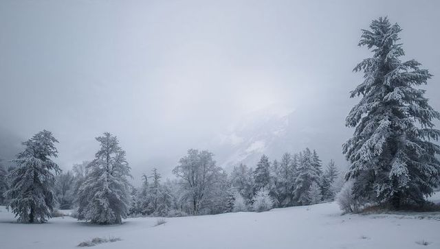 Misty alpine winter landscape with towering snow-covered spruce and open snowy meadow
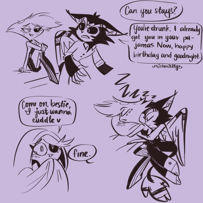 Some soft #HuskerDust while celebrating Angel's birthday 💕 #HazbinHotel #HazbinHotelAngelDust #HazbinHotelHusk twitter.com/VBJ_Marble/sta…
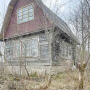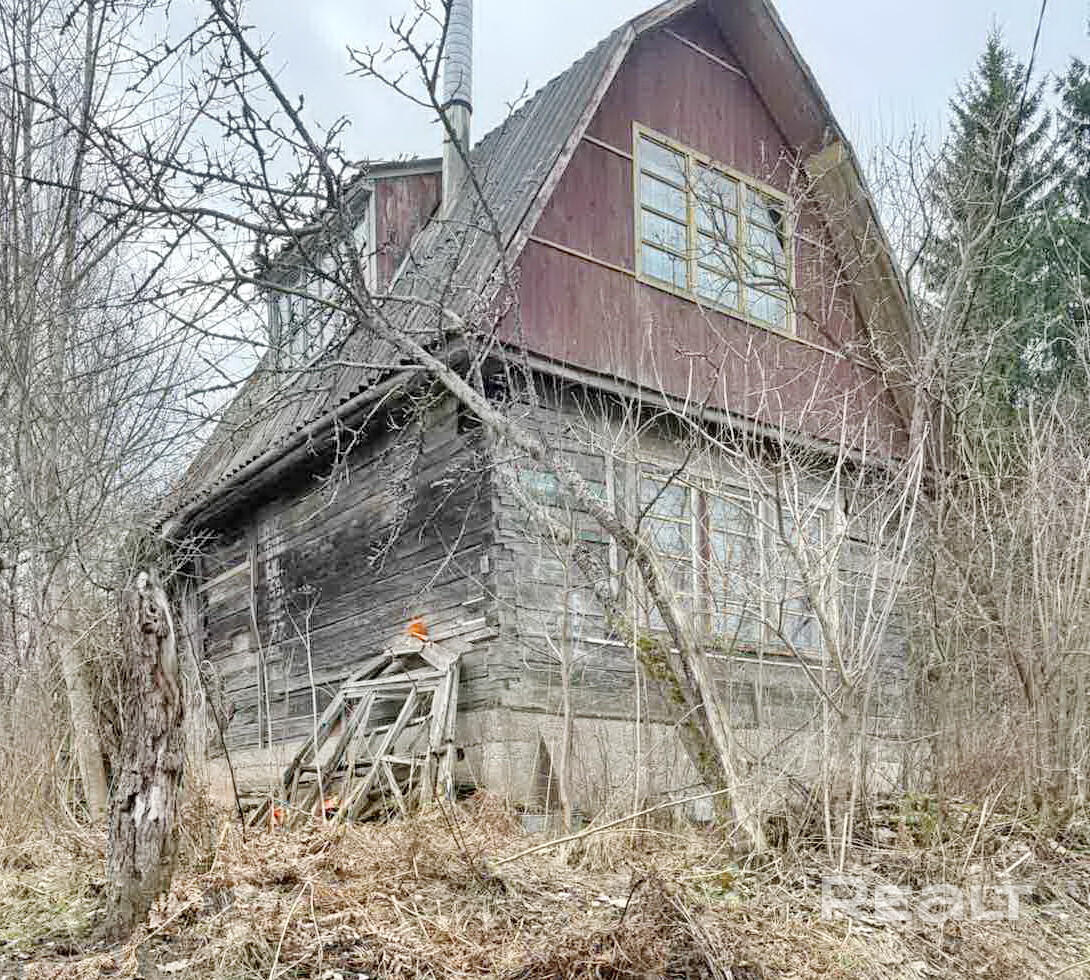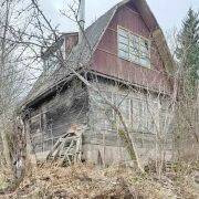 На участке построен двухэтажный деревянный дом с печным отоплением, одна большая комната на первом этаже и одна на втором, есть мебель. Крыша шифер, окна, двери, полы и перекрытия из дерева. Общая площадь дома около 35м. Электричество заведено в дом. Есть сарай и туалет.
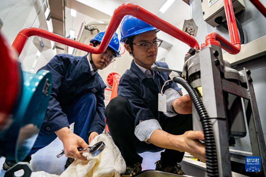 工作人员在右岸地下厂房对水轮发电机组调速器压力油泵出口过滤器滤芯进行检查(12月22日摄)。新华社记者 胡超 摄
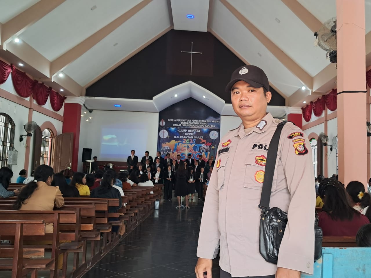 Polsek Ngabang – Polres Landak – Polda Kalbar, Dalam rangka memberikan rasa aman kepada masyarakat yang melaksanakan ibadah Minggu bagi umat kristiani, Anggota Polsek Ngabang melaksanakan Pengamanan di beberapa gereja di setiap minggunya, salah satunya adalah di GPPIK Jemaat Anugerah Kecamatan Jelimpo Kabupaten Landak. Minggu (31/08/2025)
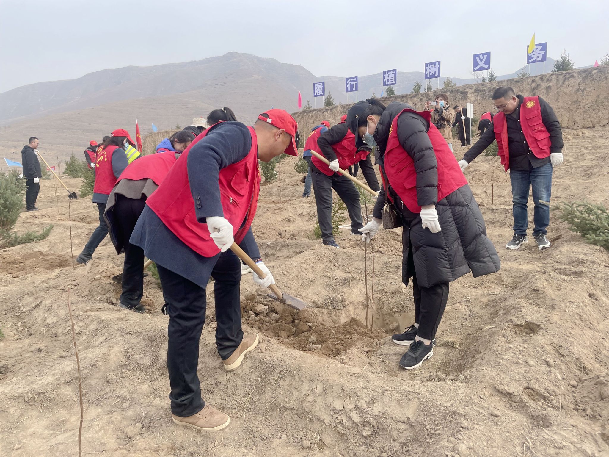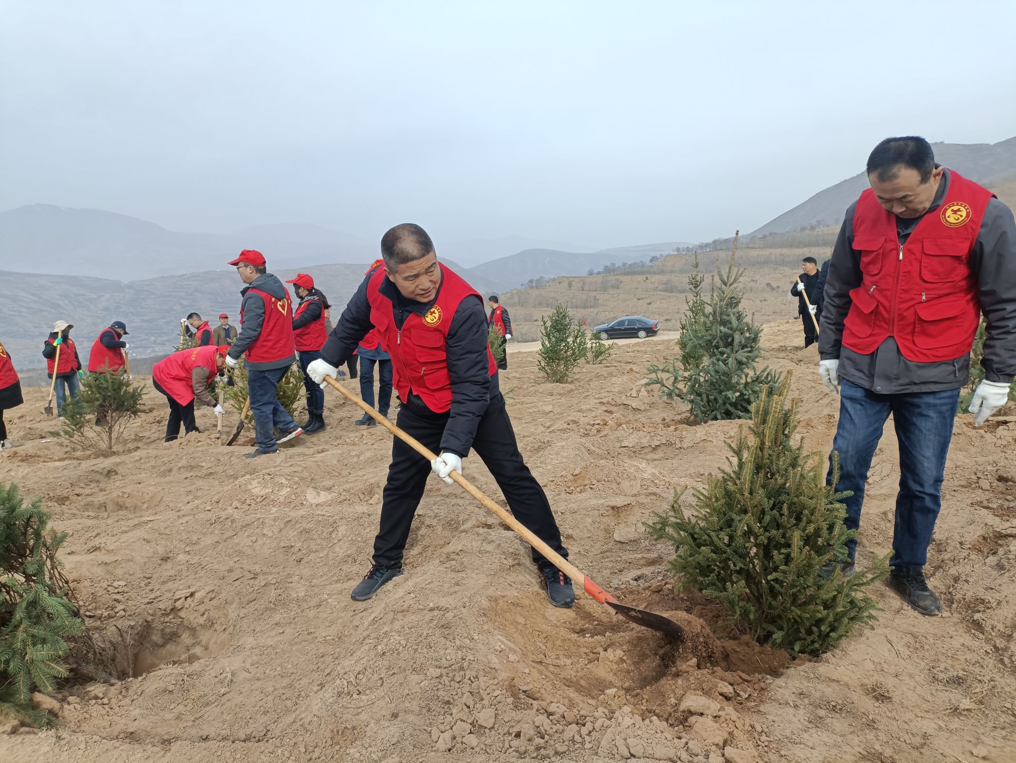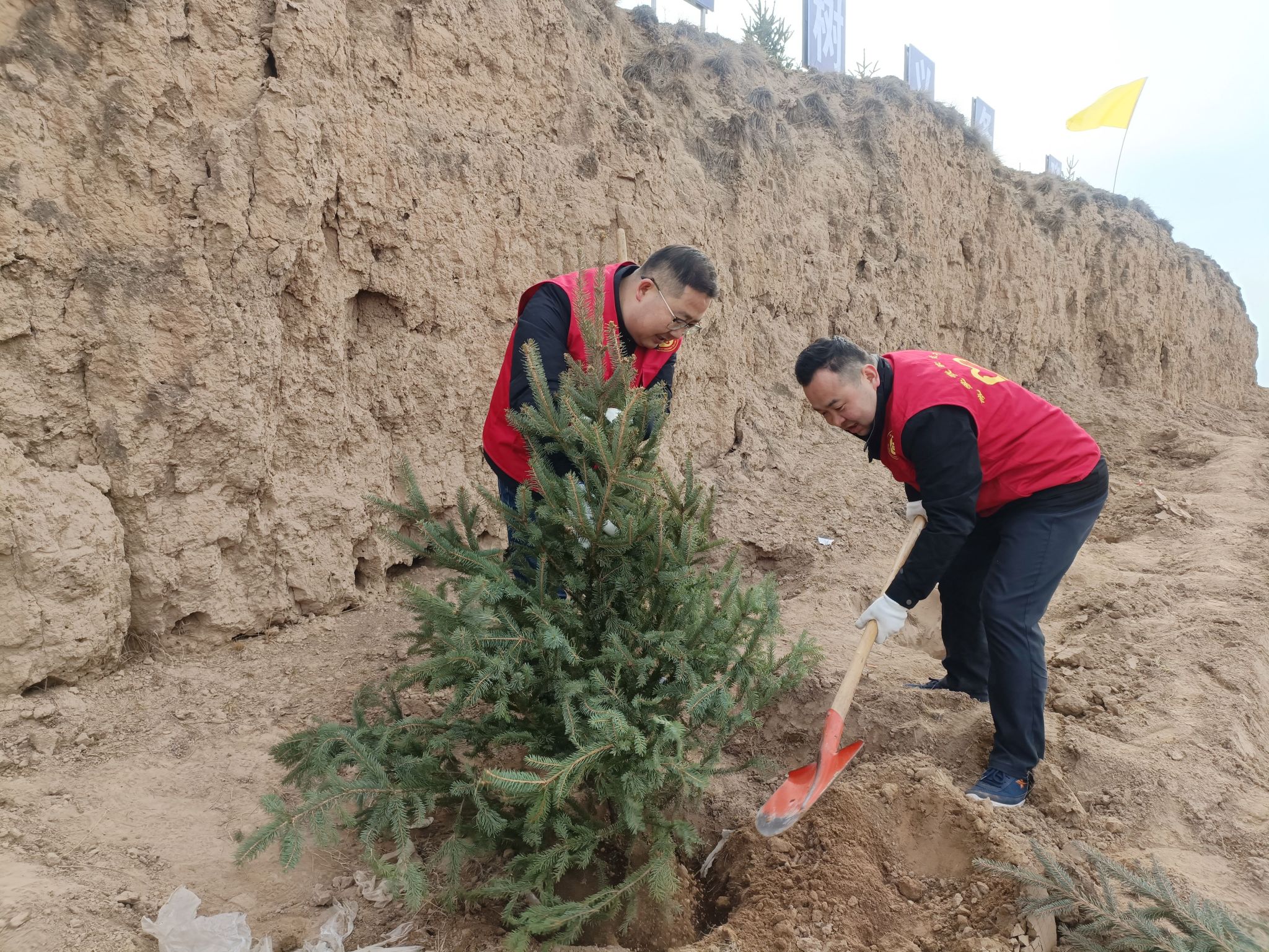 活动现场,身穿“红马甲”的水保志愿者们分工协作、配合默契,有的挥锹挖坑、有的扶苗填土、有的围堰浇水,个个热情高涨、干劲十足,现场一片热火朝天的劳动景象。忙碌过后,300余株种好的云杉和红叶李迎风而立,在明媚的阳光中展现勃勃生机。
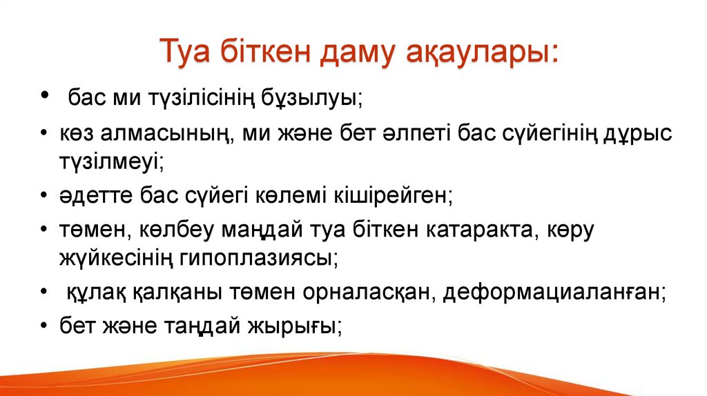 Туа біткен даму ақаулары:• бас ми түзілісінің бұзылуы;
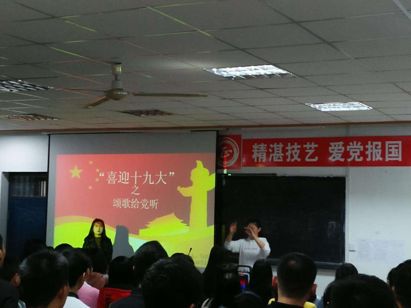 在院团委(学生处)的指导下,为激发全体学生的爱党爱国情怀,唱响时代主旋律。我系于2017年10月17日在机场校区北院进行了由医学系辅导员马侨丹主持的“喜迎十九大”诗词朗诵会。

########

- **REQUIRED WORK**:
The lines to write out are those from the first line of the listing above through the line bearing "Some soft #HuskerDust", both included, copied exactly with pictures dropped.

- **ANSWER FOR THE TASK**:
 Misty alpine winter landscape with towering snow-covered spruce and open snowy meadow
 Some soft #HuskerDust while celebrating Angel's birthday 💕 #HazbinHotel #HazbinHotelAngelDust #HazbinHotelHusk twitter.com/VBJ_Marble/sta…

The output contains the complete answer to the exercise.